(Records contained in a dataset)
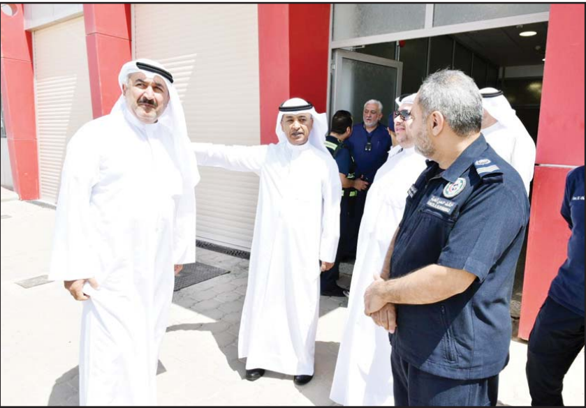
Officials during the opening of the Ambulance Center.
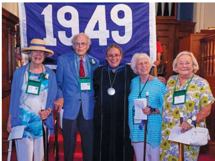
The Class of 1949 at their 70th Reunion
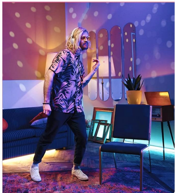
Image: Illustrates 8 scene modes and music synchronization capabilities.
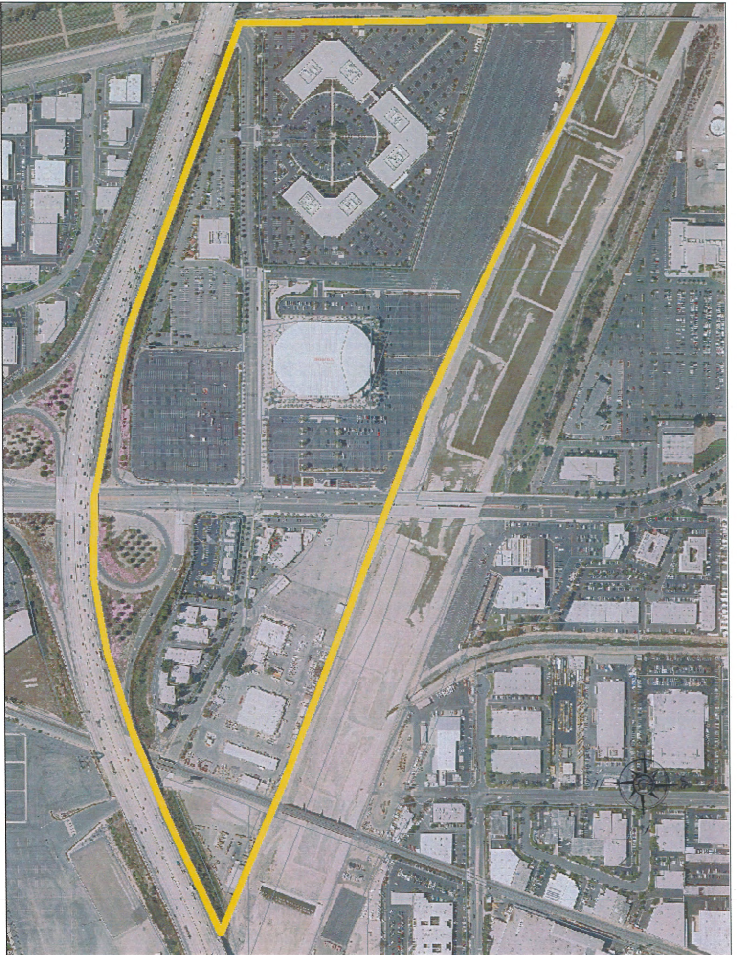
SCHEDULE C - TIER ONE PARKING AREA
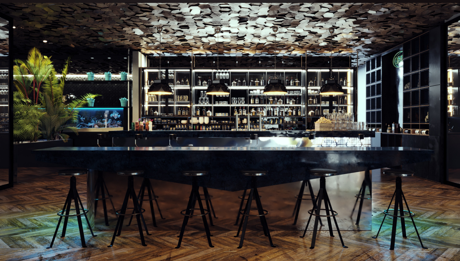
scene 02 cam 02

Have you ever wanted to make professional interior renderings? Do you know how to use V-RaySun, V-RaySky and V-RayPhysicalCamera? Have you ever had problems with composition? Archinteriors will end all your problems. Take a look at this 20 fully textured scenes with professional shaders and lighting ready to render. Get your own portfolio and join cg market.

▸ Task details
Print out the records in full and exactly, dropping every picture.

▸ Task solution
Officials during the opening of the Ambulance Center.
The Class of 1949 at their 70th Reunion
Image: Illustrates 8 scene modes and music synchronization capabilities.
SCHEDULE C - TIER ONE PARKING AREA
scene 02 cam 02

Have you ever wanted to make professional interior renderings? Do you know how to use V-RaySun, V-RaySky and V-RayPhysicalCamera? Have you ever had problems with composition? Archinteriors will end all your problems. Take a look at this 20 fully textured scenes with professional shaders and lighting ready to render. Get your own portfolio and join cg market.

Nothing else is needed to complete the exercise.